Cell-cycle analysis with flow cytometry
Cells were seeded at 50% confluency in T75 flasks and Dox-induced for 48hrs. GFP positive cells were isolated by fluorescence activated cell sorting using BD FACSAria II and fixed in PBS/3% formaldehyde/0.4% NP-40 containing 2 mg/mL Hoechst 33258 (Invitrogen). DNA content was measured with a BD LSR flow cytometer (BD Biosciences), and percentages of G1/G0, S, and G2/M phase cells were determined using Modfit LT software (Verity Software House).
Statistical analysis
All statistical analyses were conducted with GraphPad Prism software.
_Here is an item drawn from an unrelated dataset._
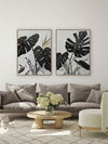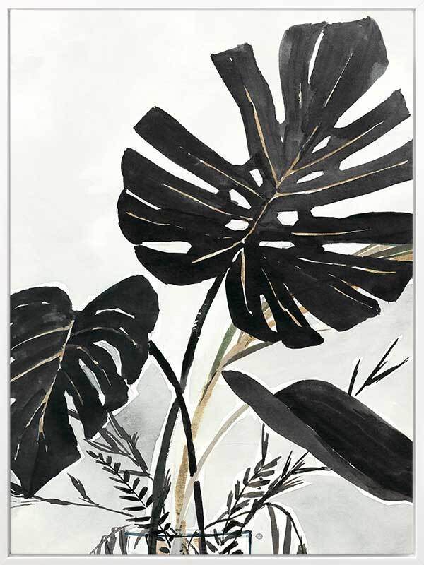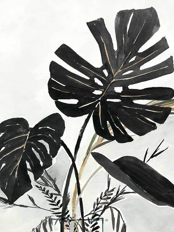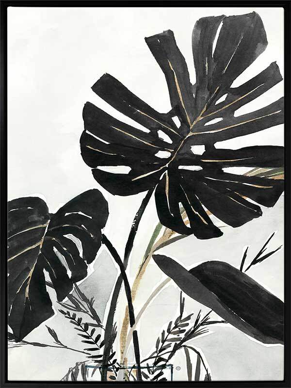 Midnight Tropics II Canvas Art Print - An abstract look at mother nature, this artwork has a textural feel to it with painterly brush strokes and subtle colour blocking in the background, outlining the leaves for greater impact. A monotone palette of black and white is set off by a pop of yellowish-green and cloudy grey.

For the t-tests conducted, p<0.05 was considered significant.
SUPPLEMENTARY MATERIAL FIGURES AND TABLE
Acknowledgments
We thank our patients and veterans for their tissue samples used in this study. We thank the Tan Kah Kee Foundation for granting the Tan Kah Kee Postgraduate Scholarship to HYW. We also thank Ms. Ada Tam of the Flow Cytometry Core at the Sidney Kimmel Comprehensive Cancer Center at Johns Hopkins.
Footnotes
CONFLICTS OF INTEREST
B.H.P. is a paid member of scientific advisory boards for Horizon Discovery, LTD and Loxo Oncology, and has research contracts with Genomic Health, Inc and Foundation Medicine. Under separate licensing agreements between Horizon Discovery, LTD and The Johns Hopkins University, B.H.P. is entitled to a share of royalties received by the University on sales of products. The terms of this arrangement are being managed by the Johns Hopkins University, in accordance with its conflict of interest policies. No potential conflicts of interest were disclosed by the other authors.
GRANT SUPPORT
This work was supported by: The Avon Foundation (BHP, JL), NIH GM007309 (GMW, DJZ), CA168180 (RLC), CA167939 (SC) and the DOD PCRP PC130991 (PJH). We would also like to thank and acknowledge the support of NIH P30 CA006973, the Sandy Garcia Charitable Foundation, the Commonwealth Foundation, the Santa Fe Foundation, the Breast Cancer Research Foundation, the Health Network Foundation, the Marcie Ellen Foundation, The Helen Golde Trust, The Canney Foundation and The Robin Page/Lebor Foundation. None of the funding sources influenced the design, interpretation or submission of this manuscript.